Inventor remuneration update in China

December 14, 2010 | BY

clpstaff &clp articles

RouseJin [email protected] 2009, China passed The Implementation Rules of the Chinese Patent Law (the Rules), which came into effect on February…

Rouse
Jin Ling
[email protected]



In 2009, China passed The Implementation Rules of the Chinese Patent Law (the Rules), which came into effect on February 1 2010. The law has led to significant changes in regulatory requirements in relation to inventor remuneration for employee inventions.

Under the previous Patent Law and its Implementation Rules, the statutory remuneration scheme applied only to state-owned companies and institutions. There were no mandatory inventor remuneration rules for other types of entities registered in China. Under the revised Patent Law and Rules, all business entities obtaining a granted patent in respect of an invention made by an employee in the course of his employment – or using the employer's resources, materials or equipment – are now legally obliged to engage in the development and management of a remuneration plan for the employee-inventor.

During the early stage of drafting of the new Rules, the plan had been to make minor adjustments to the remuneration rates prescribed in the existing Rules, and to make the scheme applicable to all entities. However, because of the relatively high remuneration rates being proposed, the lack of flexibility, and practical implementation difficulties, there was strong industry resistance to the proposed bill.

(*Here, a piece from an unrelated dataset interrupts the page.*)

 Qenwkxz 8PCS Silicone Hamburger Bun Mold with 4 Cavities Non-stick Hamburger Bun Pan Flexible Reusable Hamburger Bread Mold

Taking account of industry opinion, and reviewing the practices and legislation of other countries, namely Germany, Japan and the US, the legislative body finally adopted an alternative and more flexible scheme that allows a reasonable contract to be entered into between the parties in respect of invention remuneration.

Implications

1) Statutory scheme for employee-inventor reward and remuneration in the absence of an agreement

Articles 77 and 78 of the Rules provide a statutory scheme for rates of reward and remuneration in the absence of an agreement between the employer-patentee and the employee-inventor.

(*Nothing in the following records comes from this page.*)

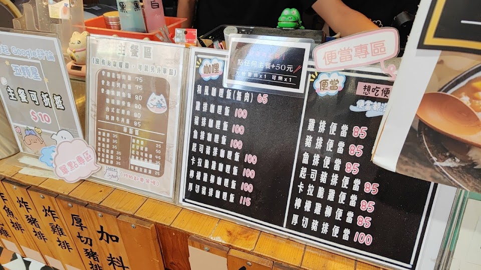 112年12月8日用餐,真的不禁讓我好奇這家到底是怎麼存活下來的。我和我女友都同意店家室內有股潮濕,像溝渠的蟑螂的味道,起司豬排咖哩100跟雞柳便當85,店家有優惠五星評價就能享主餐折10元,一送上來,我們兩位都傻眼,豬排超小,大概直徑只有4.5公分,里肌肉超薄夾著一片火腿跟起司;雞柳也只有兩條,即便折價下來90跟75,我們還是一致認為太貴,真的是一次店,這個配置70、80真的是上限了。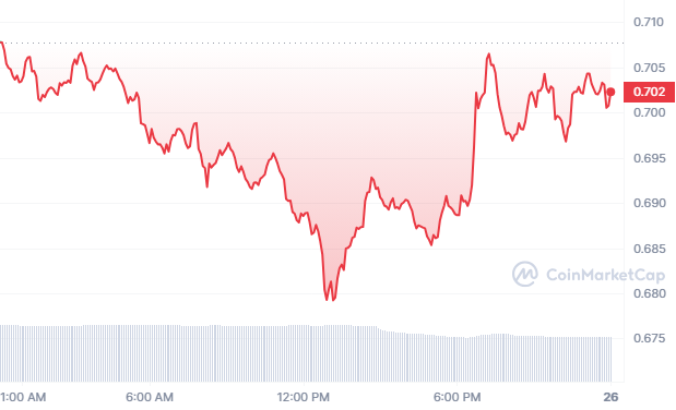 As of today, the current price of XRP against USD is $0.701243, and it is updated in real-time. The 24-hour trading volume for XRP is $1,777,017,043 USD. Over the last 24 hours, XRP has experienced a 0.82% decrease in its value. Currently ranked at #4 on CoinMarketCap, XRP’s live market cap is $36,930,904,066 USD. The total circulating supply of XRP coins is 52,664,942,014, with a maximum supply of 100,000,000,000 XRP coins.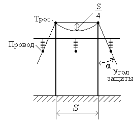 В электроустановках тросы используются в основном для защиты проводов ЛЭП. Разница высот между тросом и проводом составляет меньше 0,2 h, поэтому пользуются не зонами защиты, а углами защиты (рис. 1.29). Угол защиты тросового молниеотвода – это угол между вертикалью, проходящей через трос, и линией, проходящей через трос и провод. Оптимальный угол защиты 20–25º, при меньшем угле может оказаться незащищенным центральный провод.

In respect of reward, the Rules provide that within three months of the date of the grant of a patent for an employee invention, the patentee shall reward the employee-inventor no less than RMB3,000 (approx US$450) for an invention patent or RMB1,000 (approx US$150) for a utility model or design patent. Although not specified in the Rules, the payment is usually made as a one-off reward (in one lump sum).

In respect of remuneration, the Rules provide that upon commercial exploitation of an employee invention that is the subject of an invention or utility model patent, the patentee shall pay the employee-inventor no less than 2% of the business profits derived from exploitation of the invention during the term of the patent. For inventions the subject of a design patent, the patentee is required to pay 0.2% of the annual profits derived from exploitation of the patent. Alternatively, the patentee-employer can make a lump sum payment based on the above rates. If the patentee-employer licences the relevant patent to another entity, the employee is entitled to no less than 10% of the royalty charged.

2) Reward and remuneration scheme can be agreed separately between employer and employee

Article 76 of the Rules provides that an employer may specify its reward and remuneration scheme either in an agreement with its employees or in its bylaws. As stipulated under Article 16 of the Patent Law, the terms contained in such agreement or bylaws must be 'reasonable'.

Dispute resolution

Generally speaking, according to Article 7.1 of the Several Provisions of the Supreme People's Court on Issues Concerning Applicable Laws to the Trial of Patent Disputes, disputes over inventor remuneration will be treated as patent, rather than labour, law disputes.

Recommendations

It is advisable, in practice, to avoid the statutory remuneration scheme (i.e. by entering into a separate agreement) for the following reasons:

First, in certain circumstances, where the employee remuneration is based on profits, companies may be forced to disclose confidential information. Secondly, the calculation stated in the statutory remuneration scheme may be difficult for products that involve multiple inventions or have little or no commercial value. Thirdly, it is not clear whether the minimum percentages are to be applied to profits before or after tax, even though the term 'business profits' in the original Chinese text of the Rules normally implies pre-tax profits.

If the scheme of remuneration is agreed in a separate agreement or is set out in the company's bylaws, the company can determine its own 'reasonable' remuneration scheme. It should be noted that there are no guidelines as to what will be considered 'reasonable'. In the event of a dispute, it would ultimately be for the People's Court in China to determine a particular remuneration scheme reasonable. Employers developing their own invention remuneration scheme should do so carefully, giving consideration to the practices and legislation of countries with well-established employee inventor remuneration systems.